What you return must match the listing exactly, with every image removed.

▸ Data segment:

Content starts

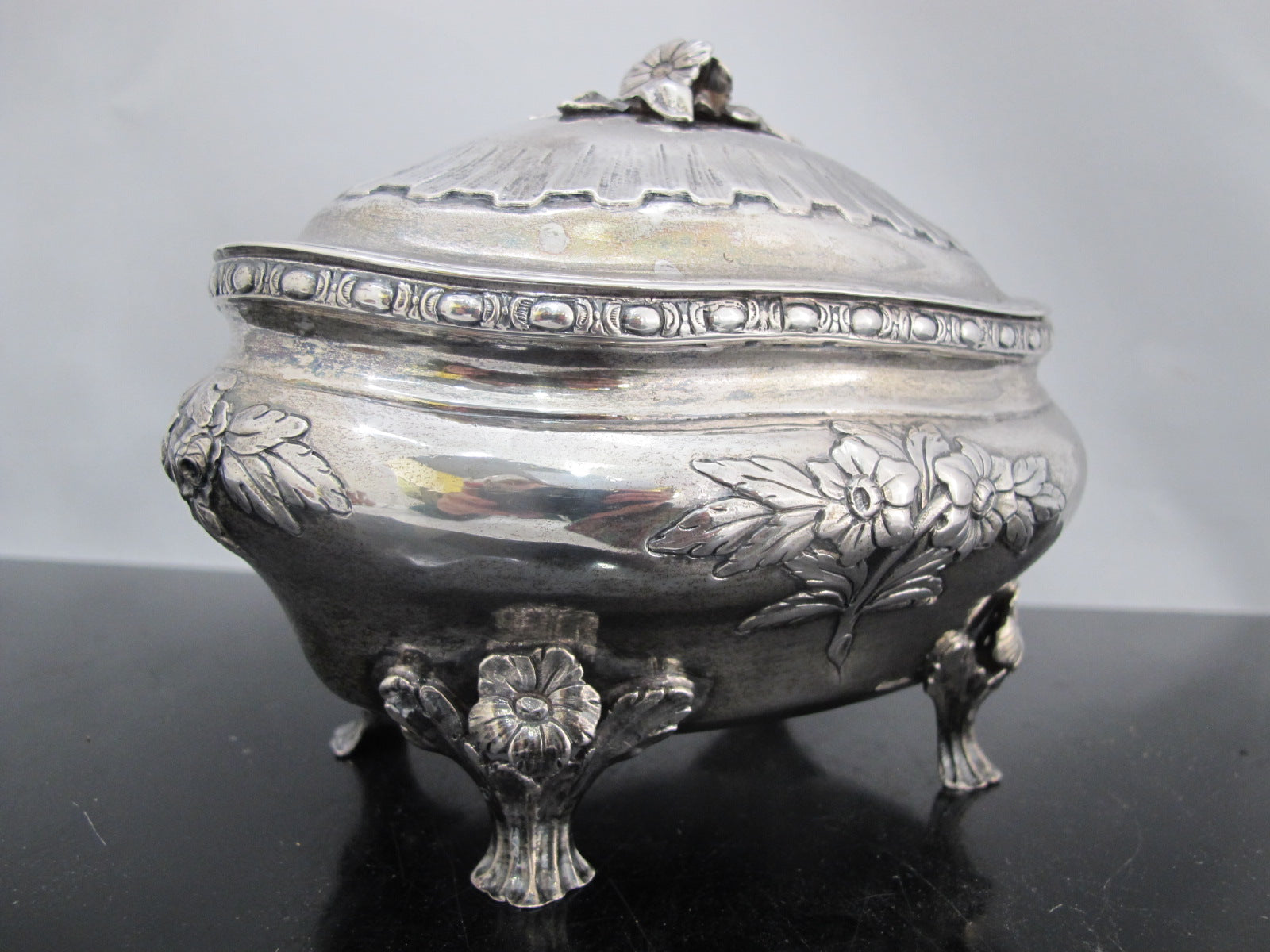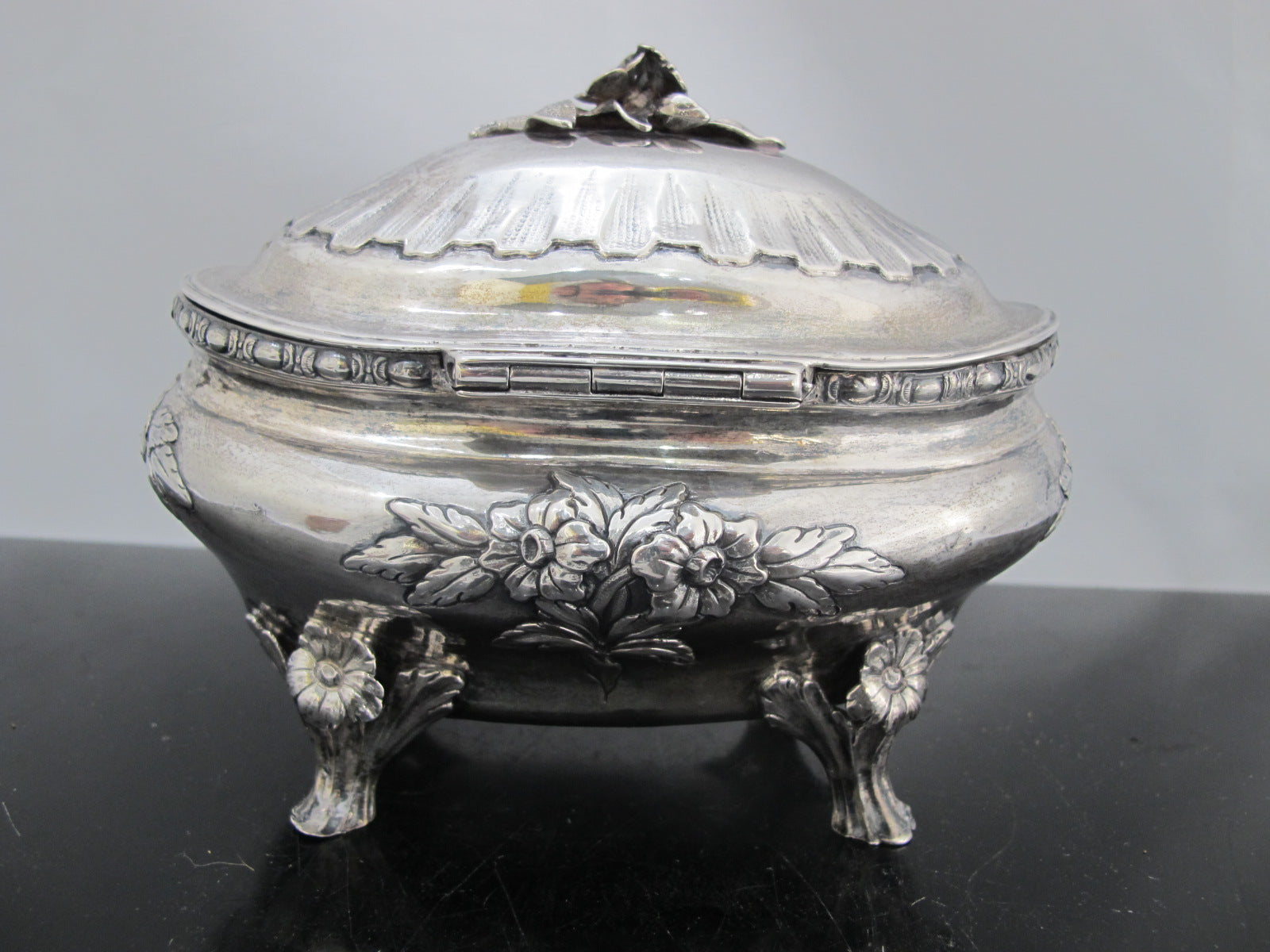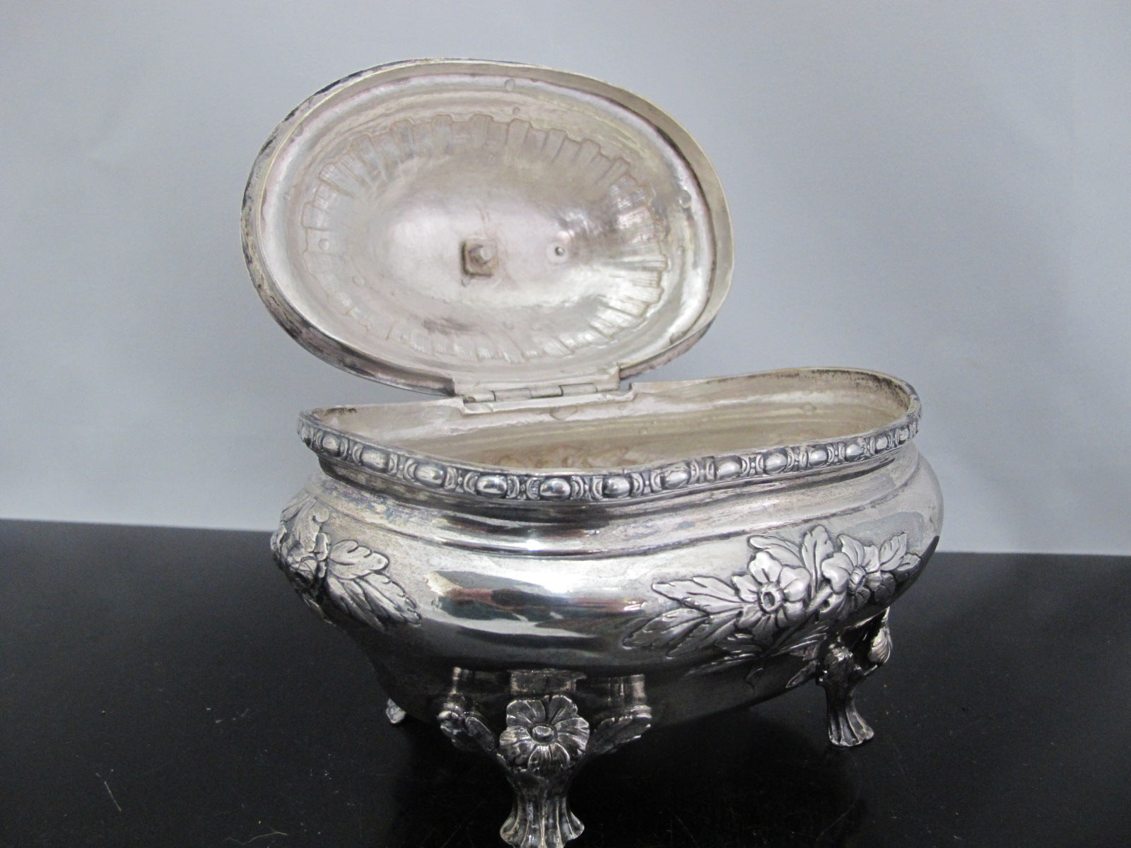 Rococo style oval box with hinged lid and raised on four scroll feet. Engraved with elaborate floral motif and floral finial at lid.
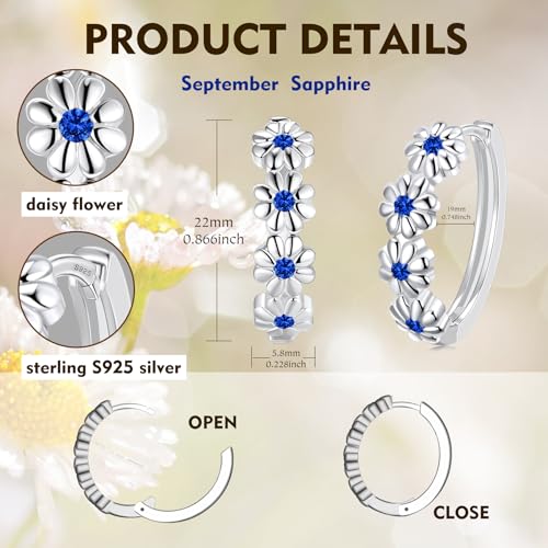 Daisy Flower Earrings For Women, Birth Flower Birthstone Hoop Earrings For Daughter Mother Mom, Sterling S925 Silver, I Think Of You Every Daisy 5
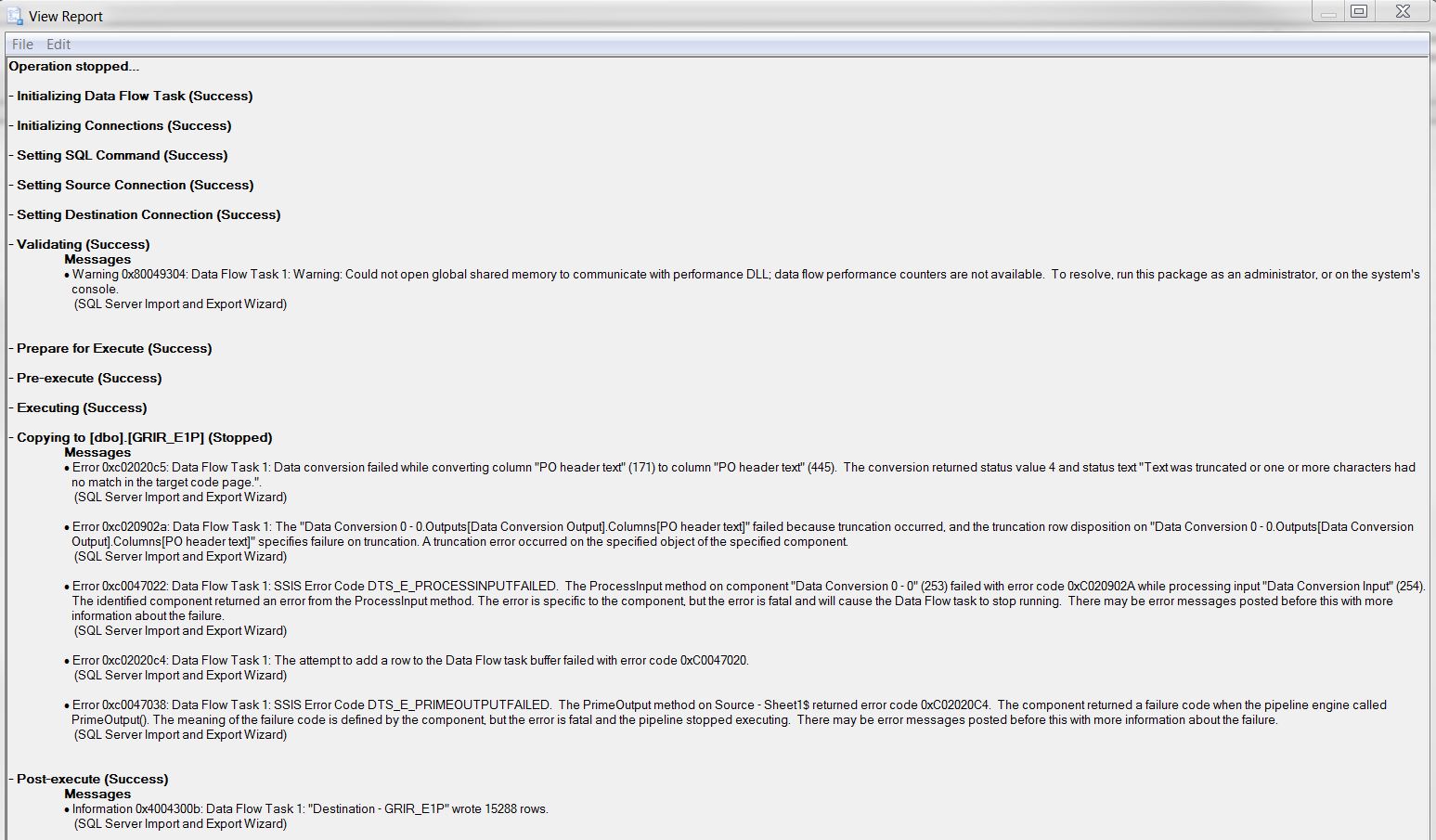 I am using Excel 2010 and SSMS 2012. The import failed this week and I have been unable to determine why. I was able to successfully import the data into a new table. The table definitions of the new table match the ones of my old table, so that does not seem to be the issue. Below is a screen shot of the error I receive. I have checked the PO header text field and there is nothing that exceeds the datatype of varchar(255) that I have it as.
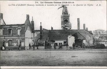 La ville d'Albert bombardée et incendiée par les Allemands - Le quartier de l'église

Content ends

▸ Answer to this task:
 Rococo style oval box with hinged lid and raised on four scroll feet. Engraved with elaborate floral motif and floral finial at lid.
 Daisy Flower Earrings For Women, Birth Flower Birthstone Hoop Earrings For Daughter Mother Mom, Sterling S925 Silver, I Think Of You Every Daisy 5
 I am using Excel 2010 and SSMS 2012. The import failed this week and I have been unable to determine why. I was able to successfully import the data into a new table. The table definitions of the new table match the ones of my old table, so that does not seem to be the issue. Below is a screen shot of the error I receive. I have checked the PO header text field and there is nothing that exceeds the datatype of varchar(255) that I have it as.
 La ville d'Albert bombardée et incendiée par les Allemands - Le quartier de l'église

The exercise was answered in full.